About this exercise: Please retype the data below exactly, stopping after the line with "Бока формы для" and skipping every picture.

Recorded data
* * *
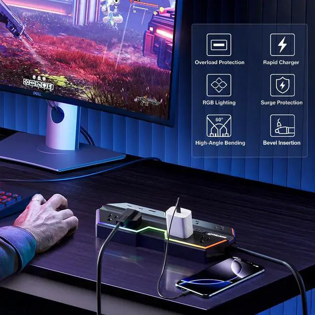 High-Speed USB Power Delivery: Equipped with 20W USB Power Delivery, this surge protector ensures fast and efficient charging for your gaming PC, smartphones, tablets, and other electronics, minimizing downtime.
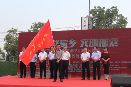 2019617日上午,我公司与邢台市各行业的30家代表单位共同参加了,由市宣传部、文明办举办的“同传一面旗 共创文明城”传旗活动暨手绘邢台授权首展启动仪式。
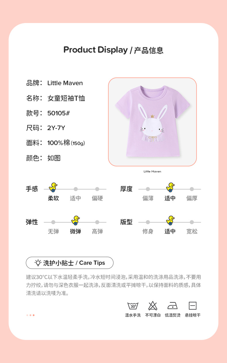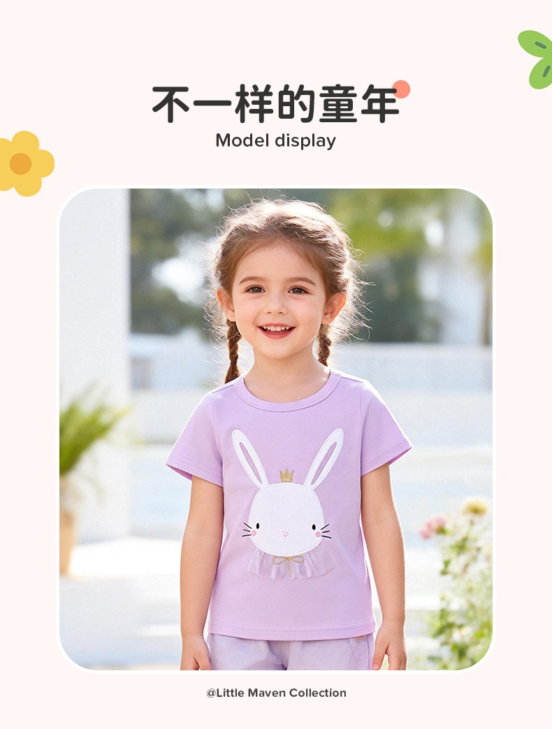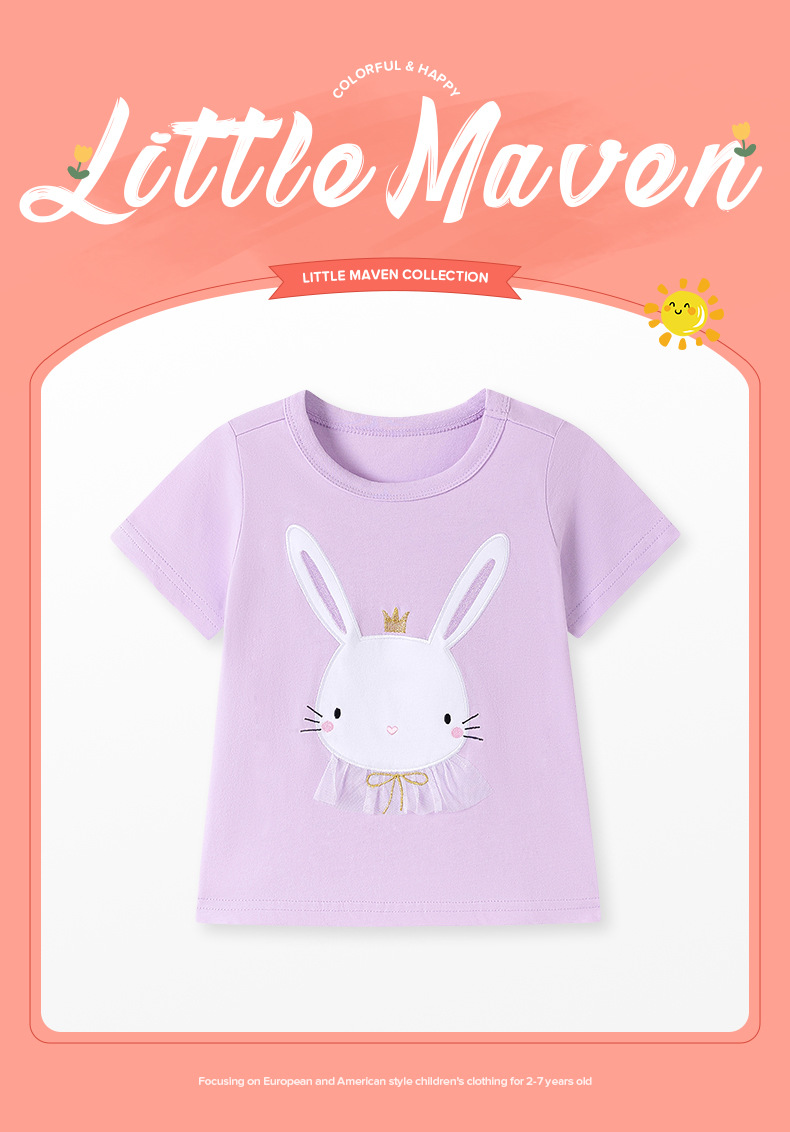 작은 maven 유럽과 미국 스타일의 여름 소녀 티셔츠 순수한면 니트 어린이 티셔츠 짧은 소매 최고 국경 아동복스토어 가기
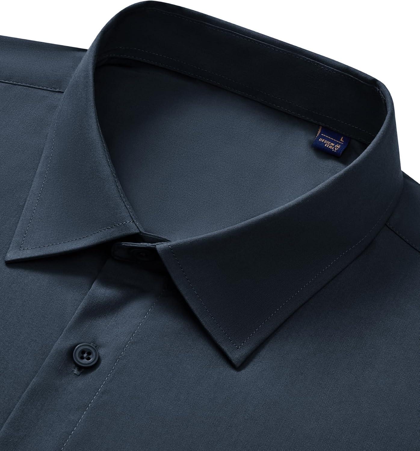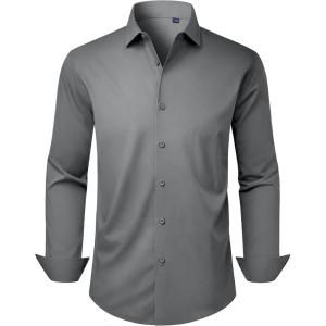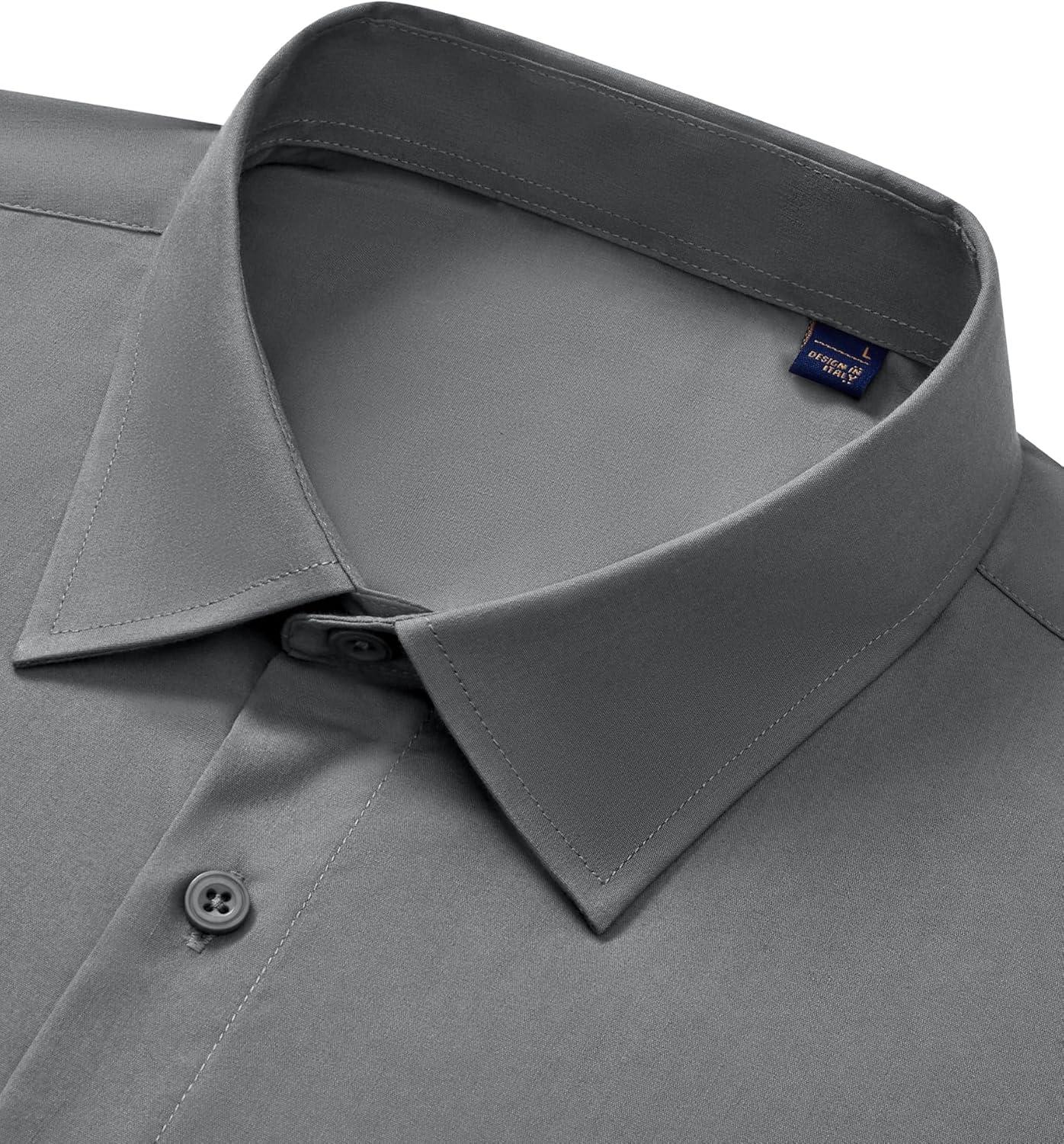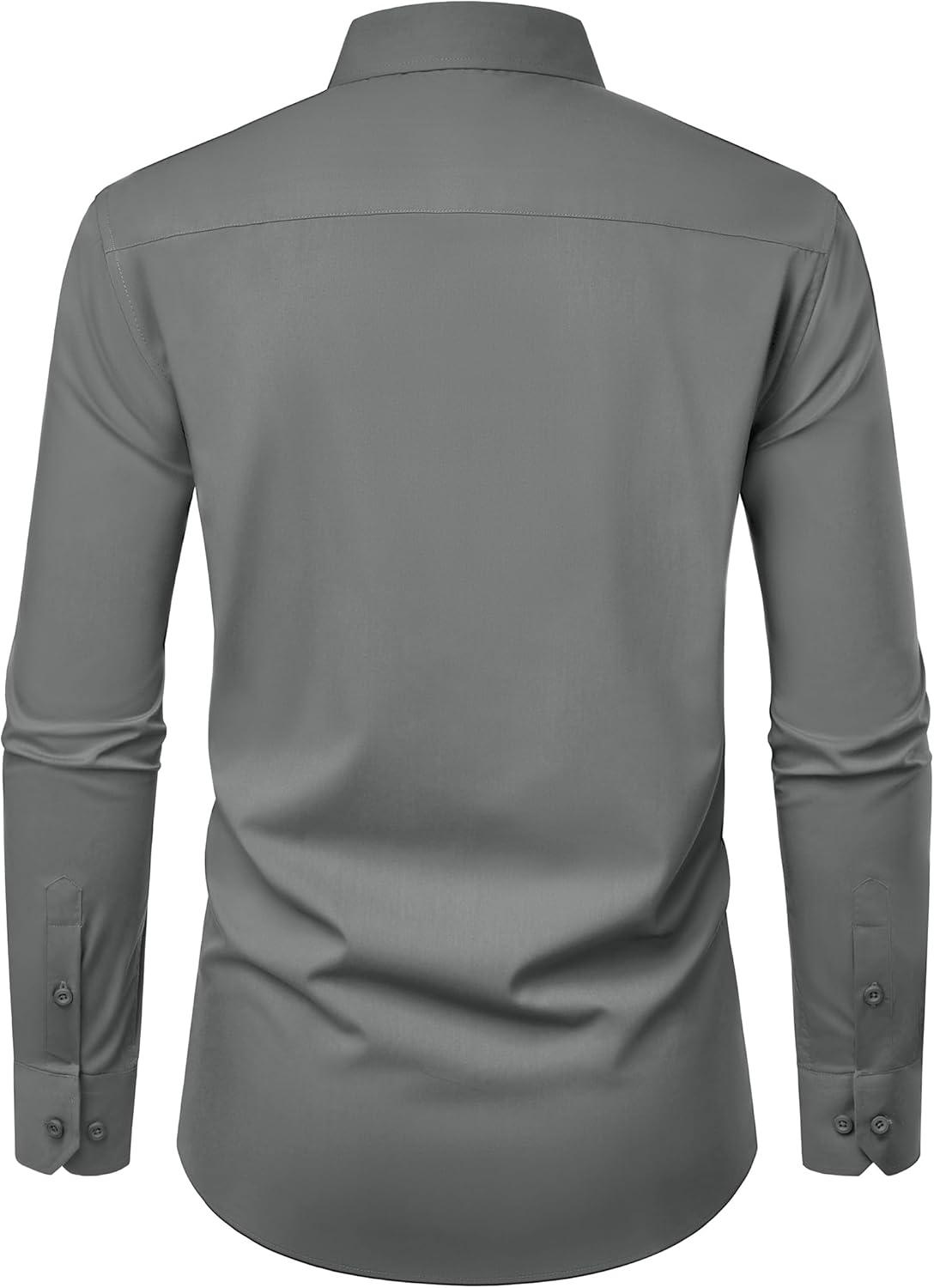 Alimens & Gentle Men’s Dress Shirts Long Sleeve Stretch Wrinkle Free Business Casual Button Down Shirt(Grey)
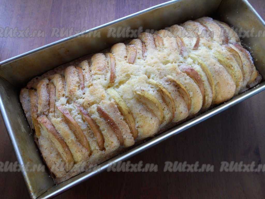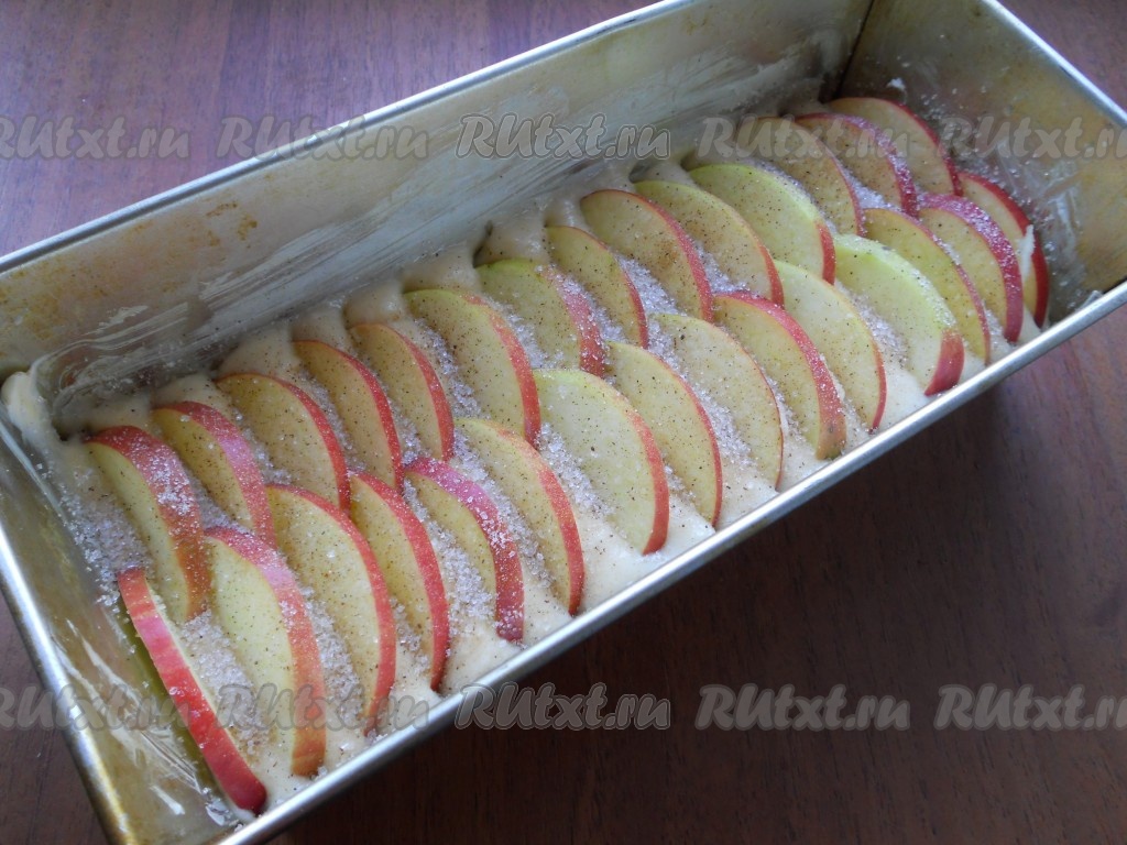 Бока формы для кекса смазать сливочным маслом, дно застелить пергаментом. Выложить тесто в форму размером 25х11 см. Яблоки нарезать тонкими дольками и разместить их вертикально по верху теста. Посыпать яблоки сахаром с корицей.
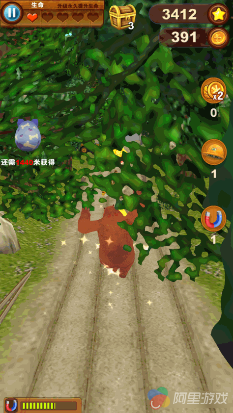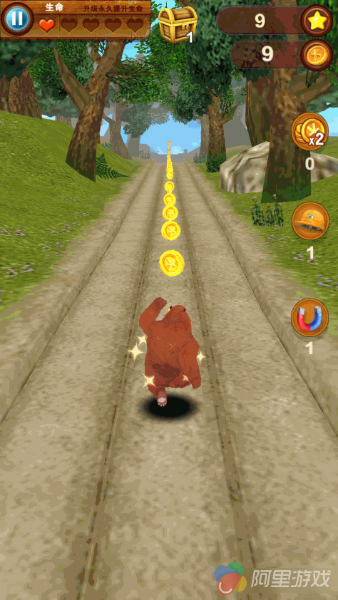 跑酷类游戏相信玩家们已经司空见惯了,无论是上天入地,潜水钻地,只要是玩家们想到的,游戏的开发商一定都能开发出来,小编玩过的跑酷游戏至今也已经不下十几种,无论是像一些迪斯尼公司或是漫威等大公司出品的游戏,或是连百度搜索都搜索不到的小公司出品的跑酷游戏,在玩法上基本都大同小异,无非就是滑动屏幕中的角色向前方奔跑躲过障碍,顺便再收集几个金币,在其他的玩法上并没有看出什么太过于亮眼的东西,玩久了也就觉得也就那么回事。今天给大家介绍的《熊出没之熊大快跑》就是一款非常卡通的跑酷游戏,具体该作都有哪些特点呢,下面就和评测室一起来体验一下吧。
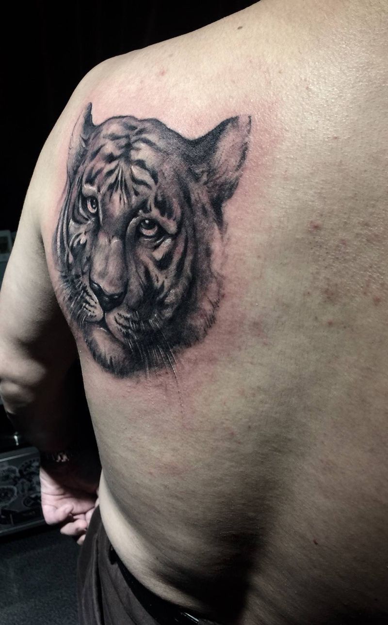 老虎纹身纹身图片_动物写实肩部手稿西安原创培训学纹身图案
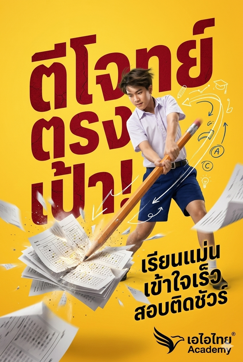 ***[ชื่อสถาบัน] = เอไอไทย Academy ***[logo] = แนบรุป logo มาแล้ว ***[ตัวหนังสือใหญ่] = ตีโจทย์ตรงเป้า! ***[ตัวหนังสือรอง] = เรี…
* * *
Response area:
 High-Speed USB Power Delivery: Equipped with 20W USB Power Delivery, this surge protector ensures fast and efficient charging for your gaming PC, smartphones, tablets, and other electronics, minimizing downtime.
 2019617日上午,我公司与邢台市各行业的30家代表单位共同参加了,由市宣传部、文明办举办的“同传一面旗 共创文明城”传旗活动暨手绘邢台授权首展启动仪式。
 작은 maven 유럽과 미국 스타일의 여름 소녀 티셔츠 순수한면 니트 어린이 티셔츠 짧은 소매 최고 국경 아동복스토어 가기
 Alimens & Gentle Men’s Dress Shirts Long Sleeve Stretch Wrinkle Free Business Casual Button Down Shirt(Grey)
 Бока формы для кекса смазать сливочным маслом, дно застелить пергаментом. Выложить тесто в форму размером 25х11 см. Яблоки нарезать тонкими дольками и разместить их вертикально по верху теста. Посыпать яблоки сахаром с корицей.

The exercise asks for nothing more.